The Ohio Junior Blue Jackets were a Tier 1 junior ice hockey team playing in the East Division of the United States Hockey League (USHL). The 2006–07 USHL media guide (p. 37) lists the Ohio Junior Blue Jackets as the successor to the Thunder Bay Flyers, who played their last USHL game in 2000; however, the team infrastructure was based upon a move of the Cleveland Junior Barons of the NAHL. The Junior Blue Jackets' home ice was at Nationwide Arena, which is also home to the National Hockey League team Columbus Blue Jackets. The franchise was bought, moved to Columbus, and promoted to Tier 1 USHL status ahead of the 2006–07 season. Despite the Blue Jackets playing in a NHL arena the teams on ice play wasn’t as good. The Blue Jackets had amounted to 29 wins and 68 loses in the teams 2 years in the USHL they had finished 5th in the Eastern Conference in the 2006-2007 season and 6th in the Eastern Conference. The Blue Jackets had beaten out the Chicago Steel in the 2006-2007 season. The Blue Jackets had around 1,000-1,500 fans at Nationwide Arena only filling up 5 to 8 of the lower bowl sections leaving 70 to 75 completely empty.

==Ceased Operations==
It was announced on May 11, 2008 that the Jr. Blue Jackets ceased operations for the 2008–2009 season after the owners and league worked to find a suitable location where this franchise could be a success. After finding no location on short notice for the upcoming season, the team ceased operations.

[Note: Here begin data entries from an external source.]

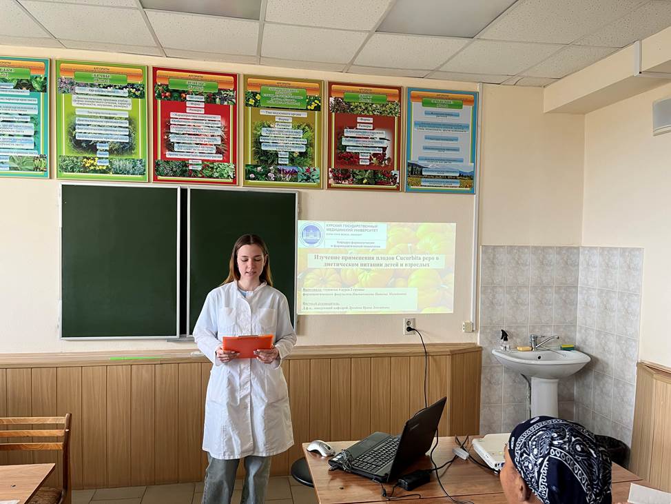 Студенты 2,3,4,5 курсов фармацевтического факультета, а также ММИ КГМУ, активно занимающиеся в студенческом научном кружке кафедры, представили результаты своих исследований. Доклады, выполненные под руководством преподавателей кафедры, были посвящены исследованию химического состава различных лекарственных видов, применению растений в лечении и профилактике различных нозологий, в диетическом питании, а также использованию препаратов из растений в спорте.
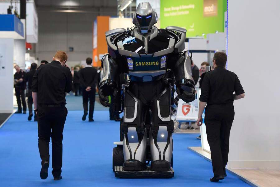 El robot NOX enCeBIT, la feria de ordenadores y software más grande del mundo, en Hannover, Alemania, el 13 de marzo de 2016. [Foto de agencias]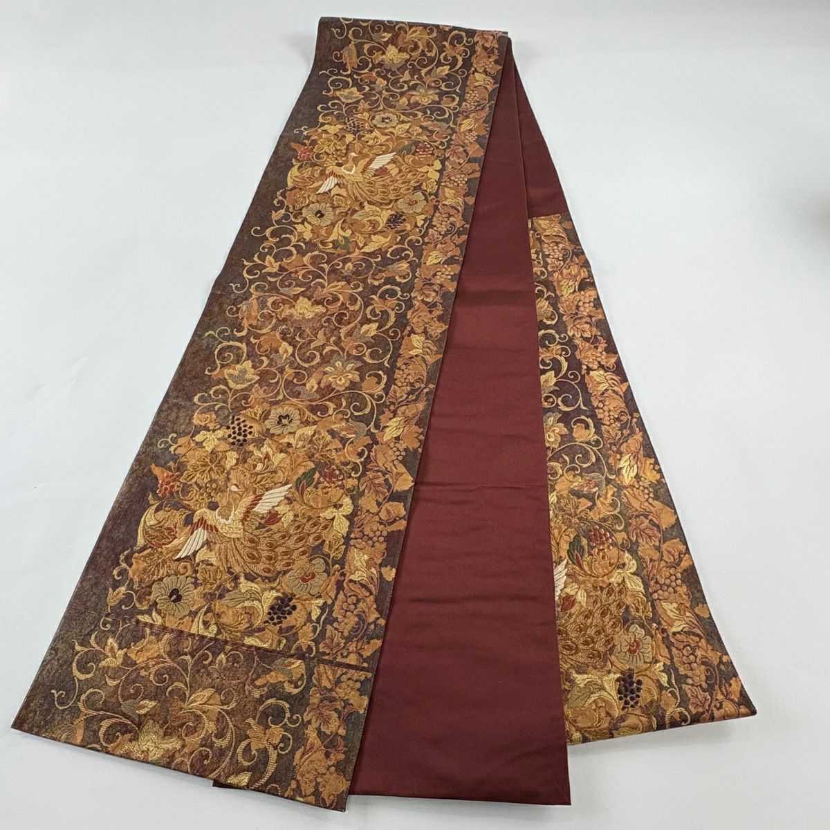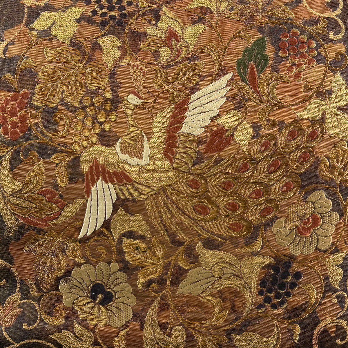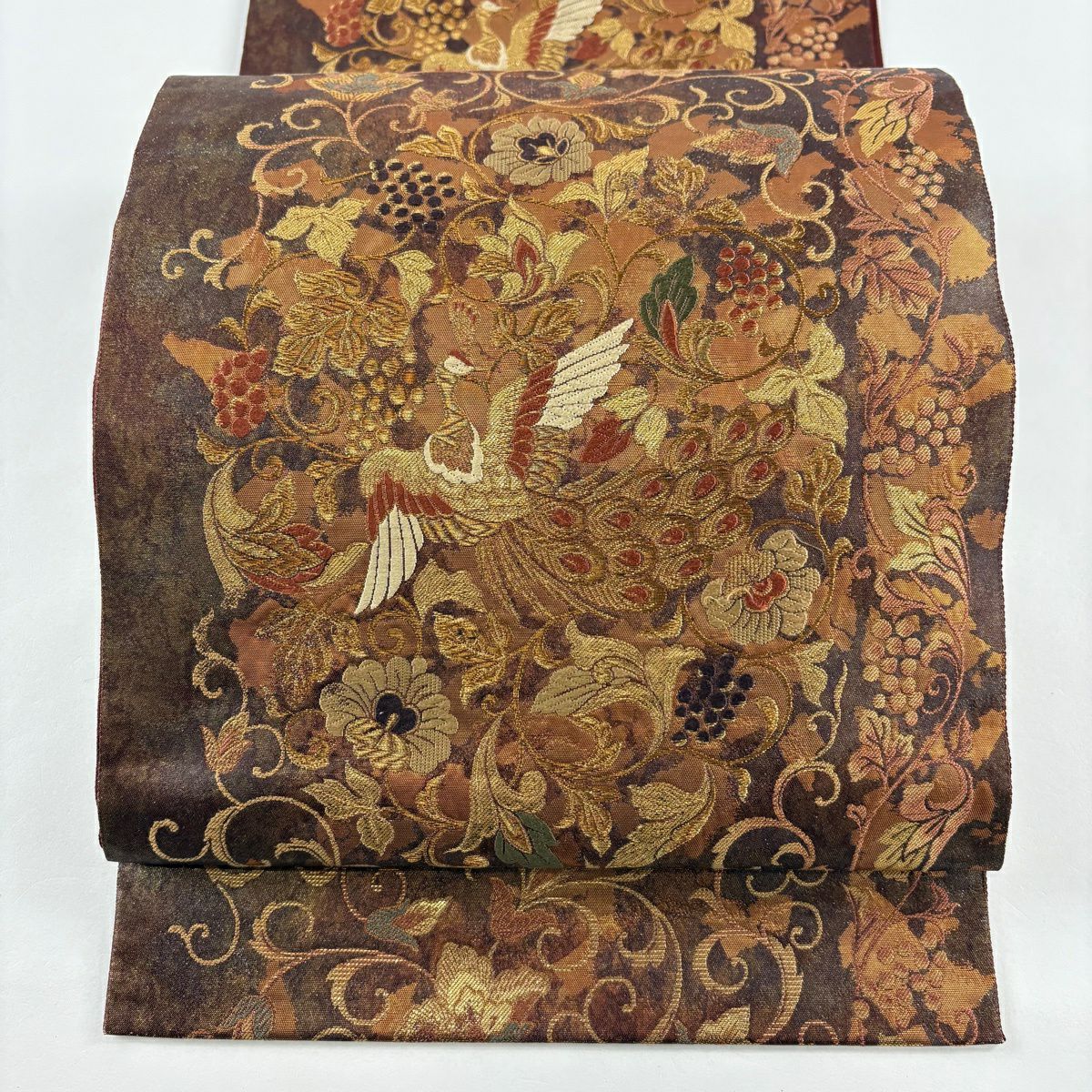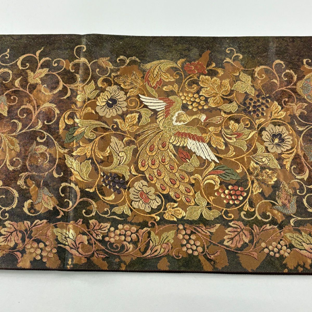 【美品】 袋帯 秀品 花鳥 葡萄 箔 金糸 茶色 六通 正絹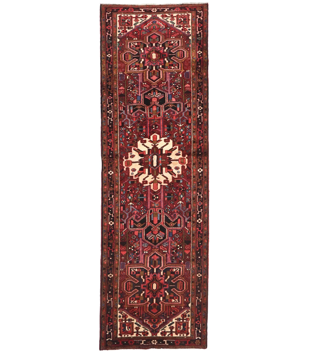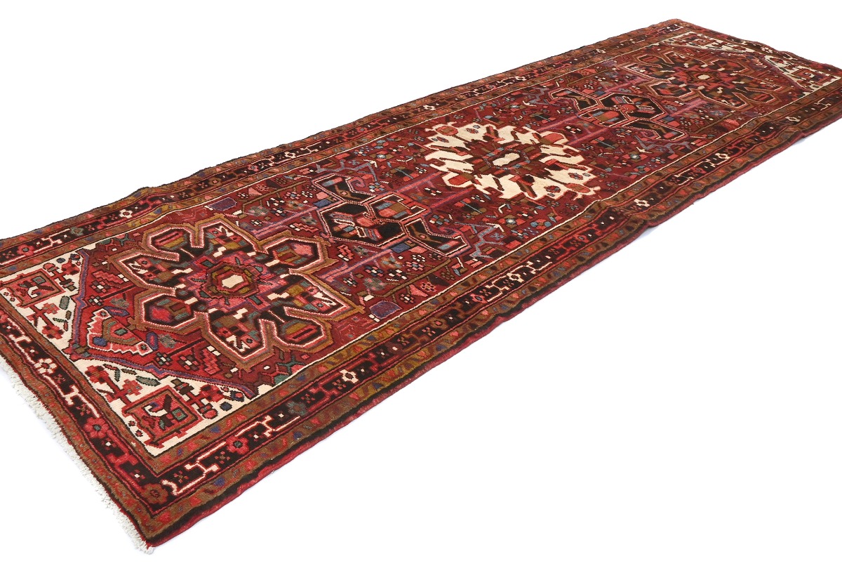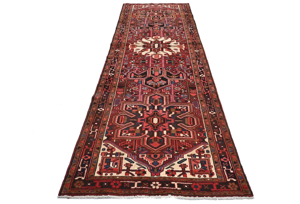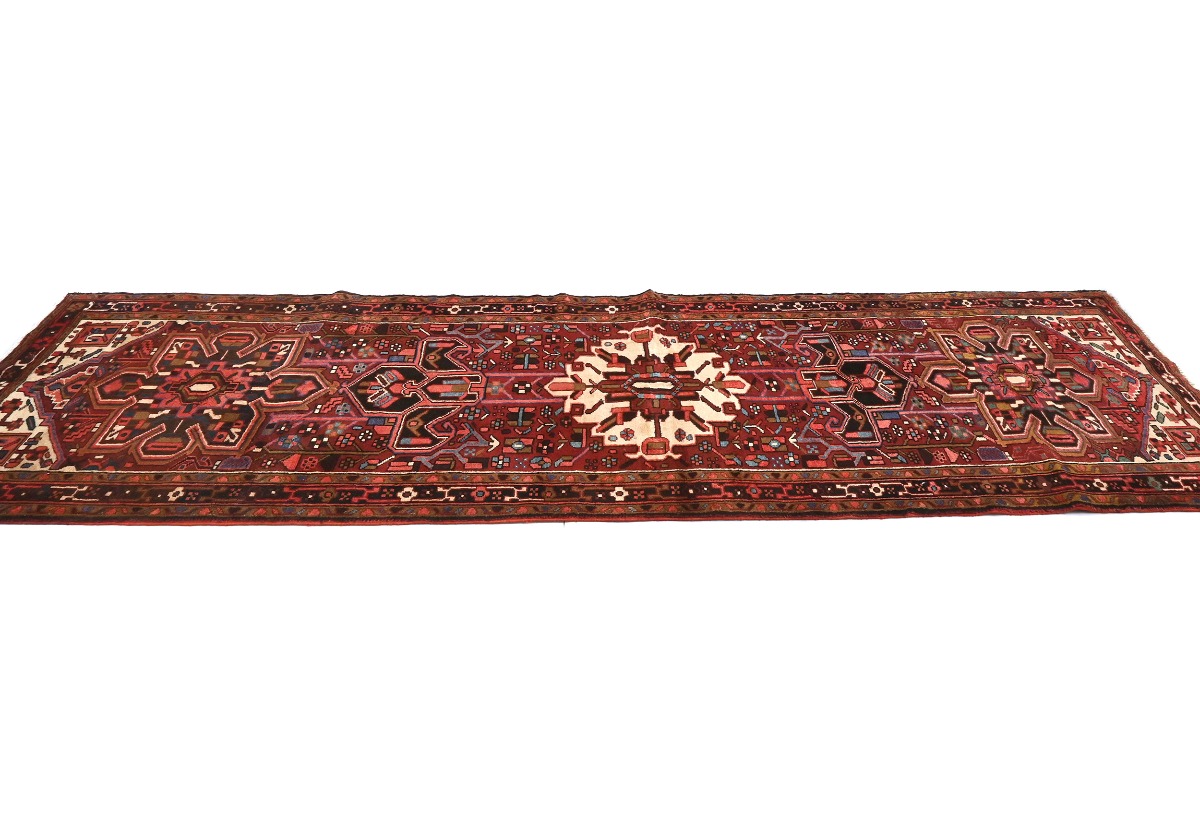 Handmade vintage 3'6X11'3 maroon red Persian runner made with vegetable dyes (fine wool pile and cotton foundation), superior knot count, and alluring ancient designs. This Oriental runner never will go out of style and would be among your most valuable treasures.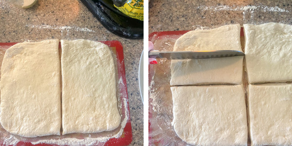 - Cut the rectangle in half the short way. Then cut it in half the long way. Next, but each piece into three pieces. You should have 24 breadsticks.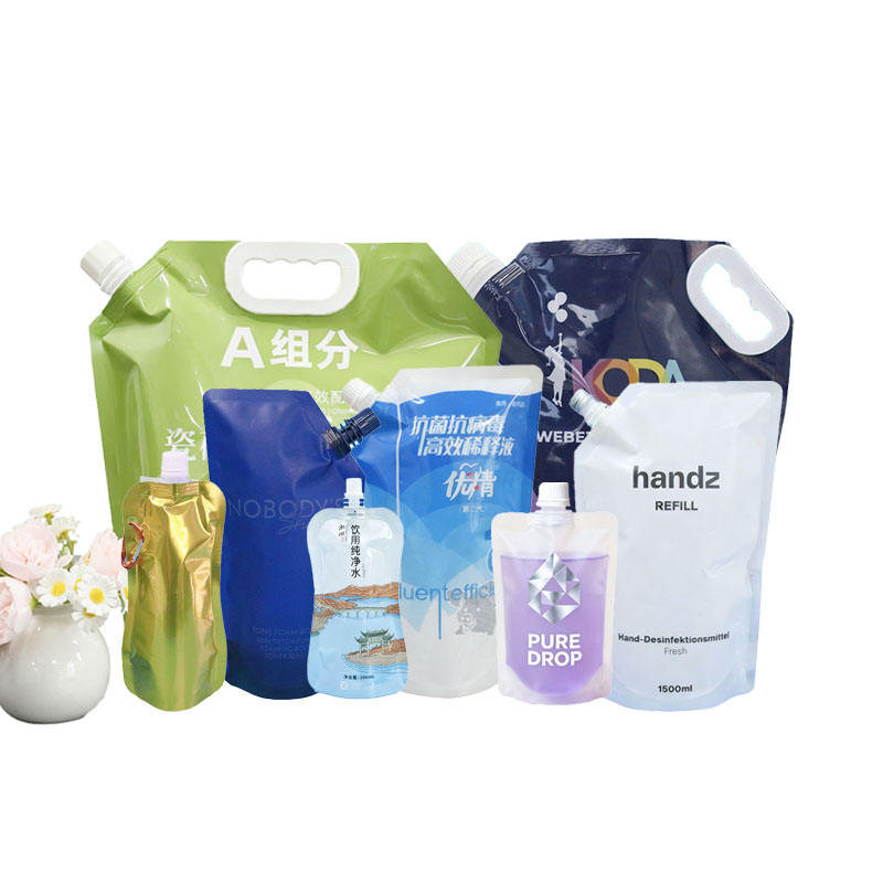 Sac de logo étanche à poignée de poche à bec debout imprimé gravure personnalisable pour emballage de liquide pour détergent boisson bière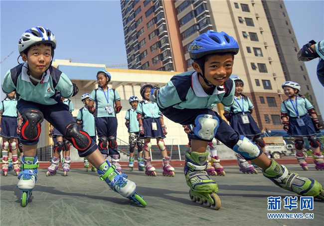 去年以來,河北唐山遵化市第六實(shí)驗(yàn)小學(xué)把輪滑運(yùn)動(dòng)作為特色社團(tuán)活動(dòng)引進(jìn)校園,成立了輪滑訓(xùn)練隊(duì),聘請專職教練指導(dǎo)學(xué)生練習(xí),激發(fā)了學(xué)生們對運(yùn)動(dòng)的熱情,也強(qiáng)健了他們的體魄。 新華社發(fā)(劉滿倉 攝)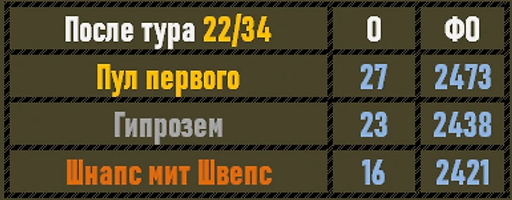 Вот же невезуха для Шнапс мит Швепс! Всего балл проиграли ребята Гипрозему. А вот Пул первого одержали очередную победу благодаря ударному залпу Игоря - блестящие 82 очка!

The USHL Board of Governors approved the transfer of 10–12 veteran players on Ohio's protected list to the Fargo Force, an expansion team for the 2008–2009 season. With the agreement the expansion draft was cancelled and Fargo had to give up their first three rounds picks of the USHL Entry Draft.
Note: "All players on the Ohio affiliate list will become free agents" (USHL).